- _Dataset excerpts_:
BEGIN

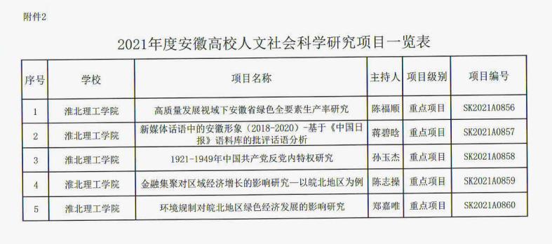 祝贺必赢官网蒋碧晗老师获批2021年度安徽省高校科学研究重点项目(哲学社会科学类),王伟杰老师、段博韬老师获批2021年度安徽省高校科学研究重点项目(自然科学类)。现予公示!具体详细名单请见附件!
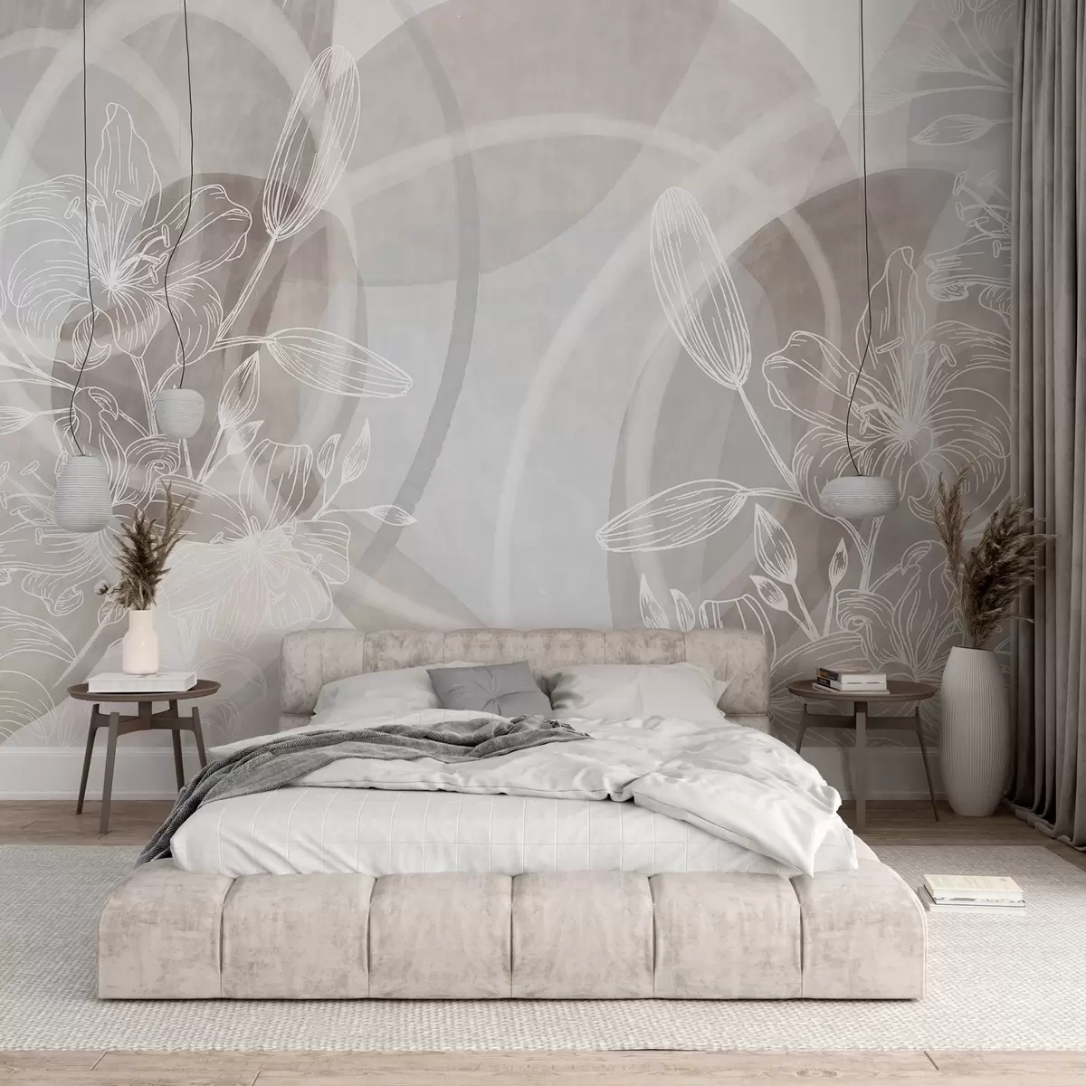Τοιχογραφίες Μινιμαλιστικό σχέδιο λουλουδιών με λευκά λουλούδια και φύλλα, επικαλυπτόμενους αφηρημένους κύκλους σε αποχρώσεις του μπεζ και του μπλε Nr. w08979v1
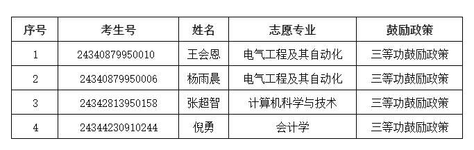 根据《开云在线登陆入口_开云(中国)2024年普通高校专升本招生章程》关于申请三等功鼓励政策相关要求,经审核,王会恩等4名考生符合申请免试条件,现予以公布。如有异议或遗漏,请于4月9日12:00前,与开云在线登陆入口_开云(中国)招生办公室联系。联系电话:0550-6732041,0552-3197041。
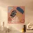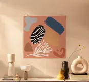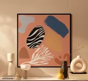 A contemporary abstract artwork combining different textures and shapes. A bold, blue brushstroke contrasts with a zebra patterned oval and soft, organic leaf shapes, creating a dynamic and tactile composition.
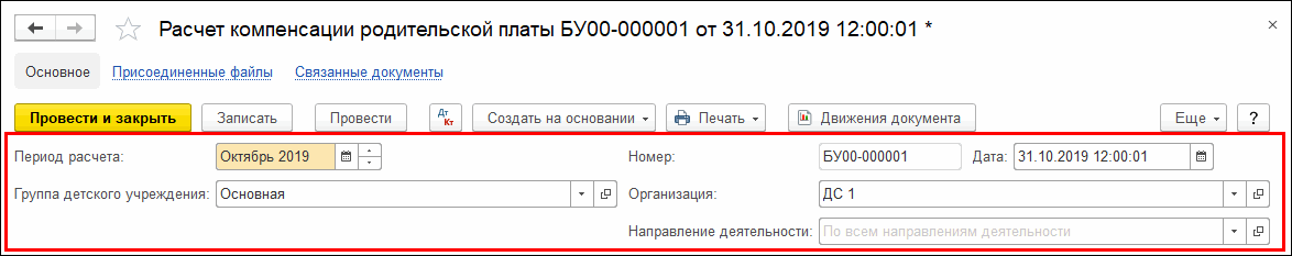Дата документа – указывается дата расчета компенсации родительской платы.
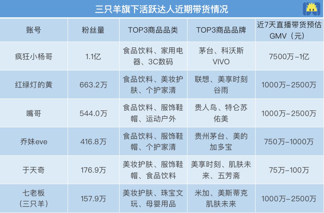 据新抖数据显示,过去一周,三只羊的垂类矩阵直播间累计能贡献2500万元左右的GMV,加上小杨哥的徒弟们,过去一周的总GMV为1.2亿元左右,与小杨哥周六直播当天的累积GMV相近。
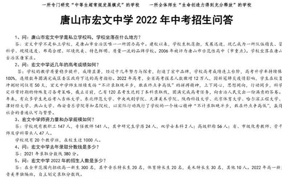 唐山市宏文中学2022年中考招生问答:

END
BEGIN

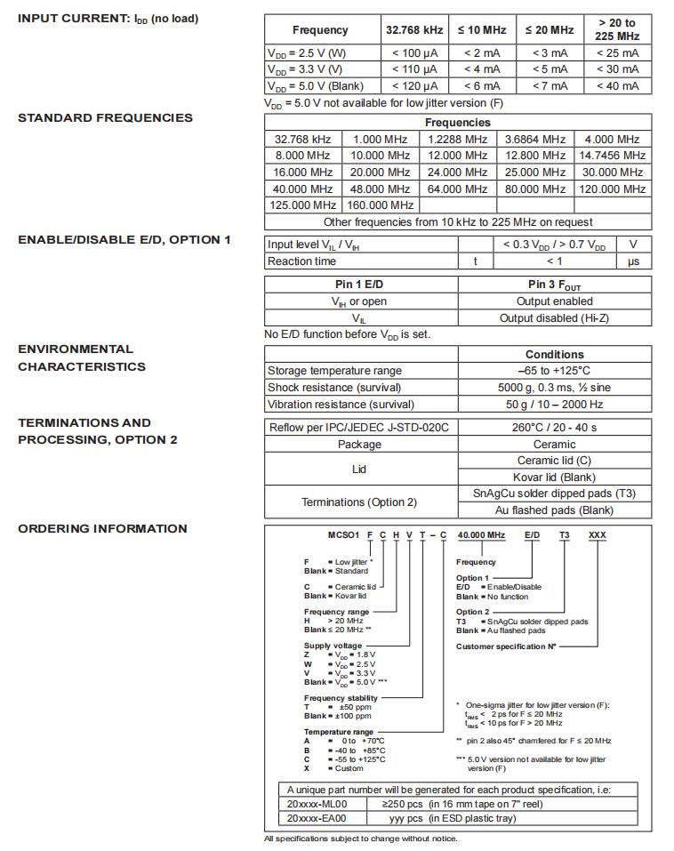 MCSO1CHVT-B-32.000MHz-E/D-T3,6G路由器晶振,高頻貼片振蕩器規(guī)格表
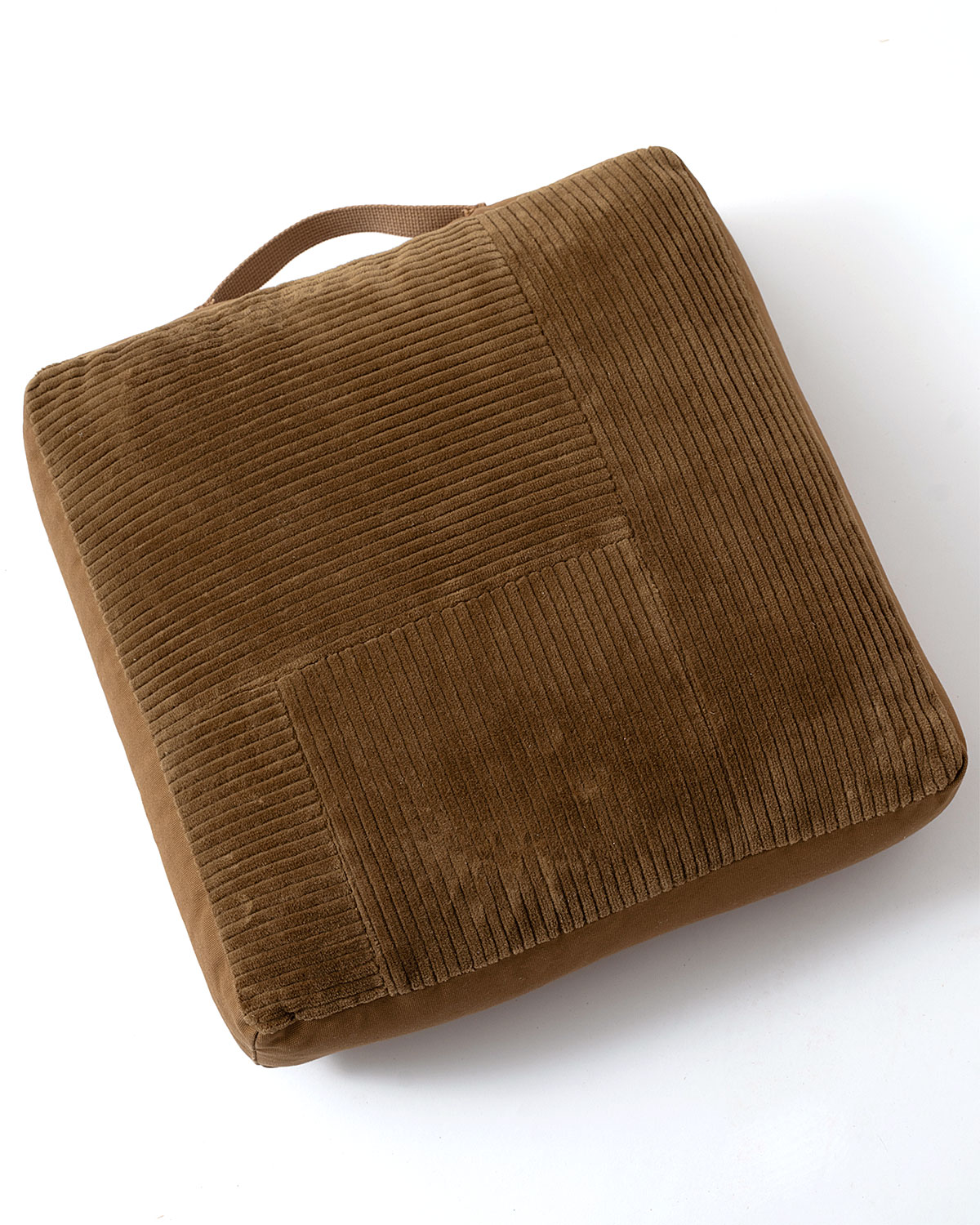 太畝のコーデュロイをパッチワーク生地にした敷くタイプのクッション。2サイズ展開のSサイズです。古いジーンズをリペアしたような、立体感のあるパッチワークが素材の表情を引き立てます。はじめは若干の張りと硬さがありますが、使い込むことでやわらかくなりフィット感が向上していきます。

END
BEGIN

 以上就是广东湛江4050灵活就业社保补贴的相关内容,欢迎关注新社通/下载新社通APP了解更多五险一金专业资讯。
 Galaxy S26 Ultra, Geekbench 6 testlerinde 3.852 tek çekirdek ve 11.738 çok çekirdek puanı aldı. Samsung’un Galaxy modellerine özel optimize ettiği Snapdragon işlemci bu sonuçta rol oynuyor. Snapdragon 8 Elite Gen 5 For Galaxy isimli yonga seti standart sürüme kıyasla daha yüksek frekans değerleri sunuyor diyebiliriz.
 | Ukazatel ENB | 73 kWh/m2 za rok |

END

- _To do_: From the records above, output only the lines starting at the one containing "A contemporary abstract" and ending at the one containing "Дата документа –", word for word. Pictures stay out.

- _Expected output_:
 A contemporary abstract artwork combining different textures and shapes. A bold, blue brushstroke contrasts with a zebra patterned oval and soft, organic leaf shapes, creating a dynamic and tactile composition.
Дата документа – указывается дата расчета компенсации родительской платы.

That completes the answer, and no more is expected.